Your objective :: Reproduction of part of the material below, pictures omitted: copy exactly, and only, the lines starting with the one with "이전에 있던 데스크톱 트래픽에 세션 시간의 조건을 추가해주도록 하겠습니다." and going on through the one with "Ножницы по металлу".

Data to examine ::
╭──

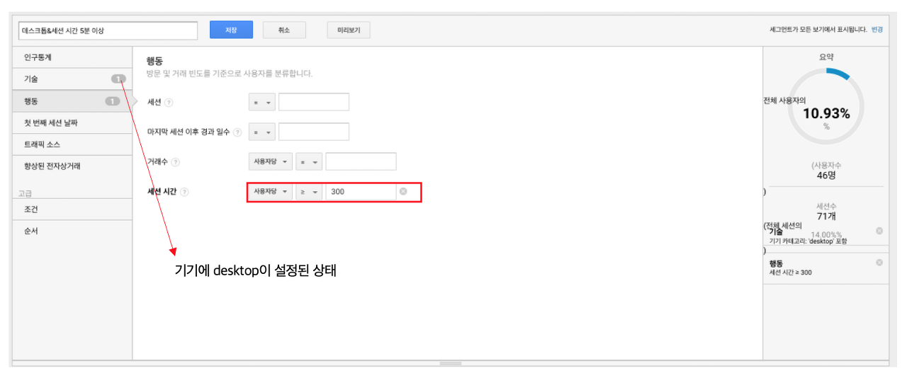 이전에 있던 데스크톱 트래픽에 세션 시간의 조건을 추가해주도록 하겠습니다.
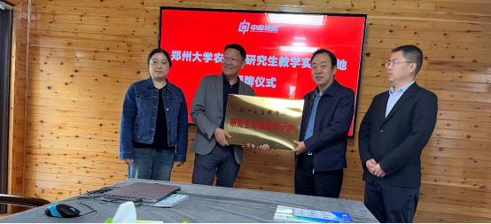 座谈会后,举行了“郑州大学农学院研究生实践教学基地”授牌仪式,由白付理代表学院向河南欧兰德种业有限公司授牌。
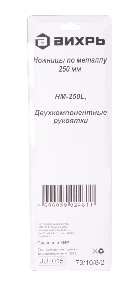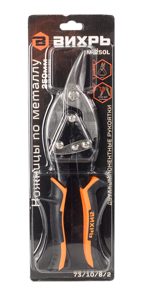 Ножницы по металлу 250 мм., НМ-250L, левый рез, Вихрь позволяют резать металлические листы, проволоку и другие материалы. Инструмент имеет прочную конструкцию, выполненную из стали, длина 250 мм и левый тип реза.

╰──
╭──

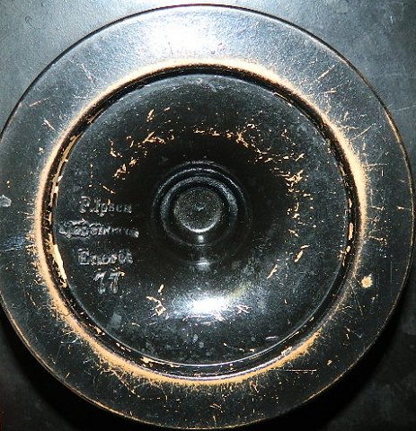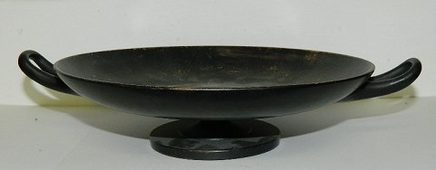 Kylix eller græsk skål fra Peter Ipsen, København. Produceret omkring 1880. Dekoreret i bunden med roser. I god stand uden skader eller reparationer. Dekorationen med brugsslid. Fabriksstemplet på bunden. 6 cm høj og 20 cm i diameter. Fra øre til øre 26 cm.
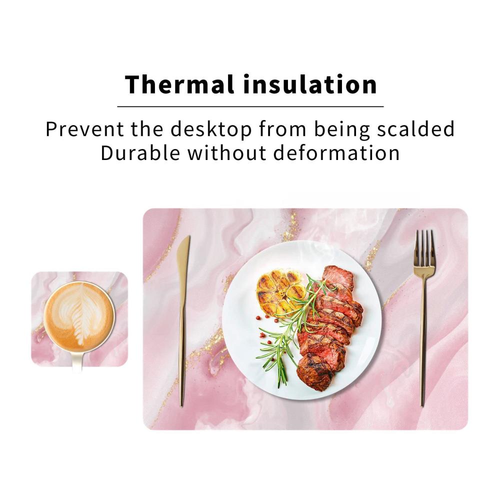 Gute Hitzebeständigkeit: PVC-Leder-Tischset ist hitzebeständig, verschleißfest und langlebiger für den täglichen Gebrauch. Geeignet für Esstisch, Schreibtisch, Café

╰──
╭──

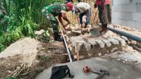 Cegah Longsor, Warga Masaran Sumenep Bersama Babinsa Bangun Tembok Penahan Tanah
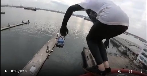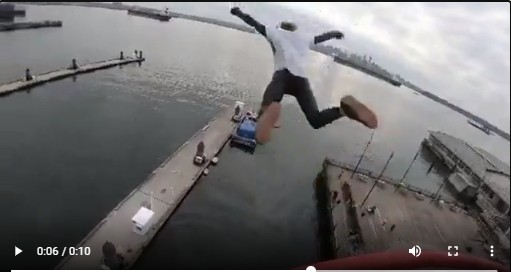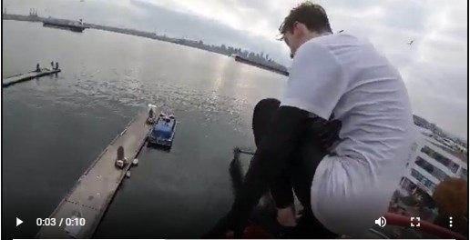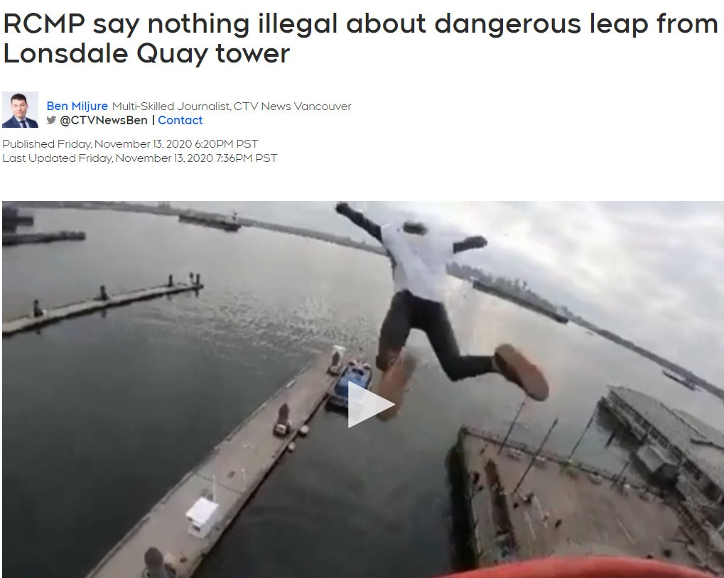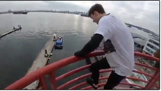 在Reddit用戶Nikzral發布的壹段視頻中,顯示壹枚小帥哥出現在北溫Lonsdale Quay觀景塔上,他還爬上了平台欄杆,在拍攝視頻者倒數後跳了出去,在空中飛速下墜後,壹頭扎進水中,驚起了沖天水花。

╰──

Solution to the exercise ::
 이전에 있던 데스크톱 트래픽에 세션 시간의 조건을 추가해주도록 하겠습니다.
 座谈会后,举行了“郑州大学农学院研究生实践教学基地”授牌仪式,由白付理代表学院向河南欧兰德种业有限公司授牌。
 Ножницы по металлу 250 мм., НМ-250L, левый рез, Вихрь позволяют резать металлические листы, проволоку и другие материалы. Инструмент имеет прочную конструкцию, выполненную из стали, длина 250 мм и левый тип реза.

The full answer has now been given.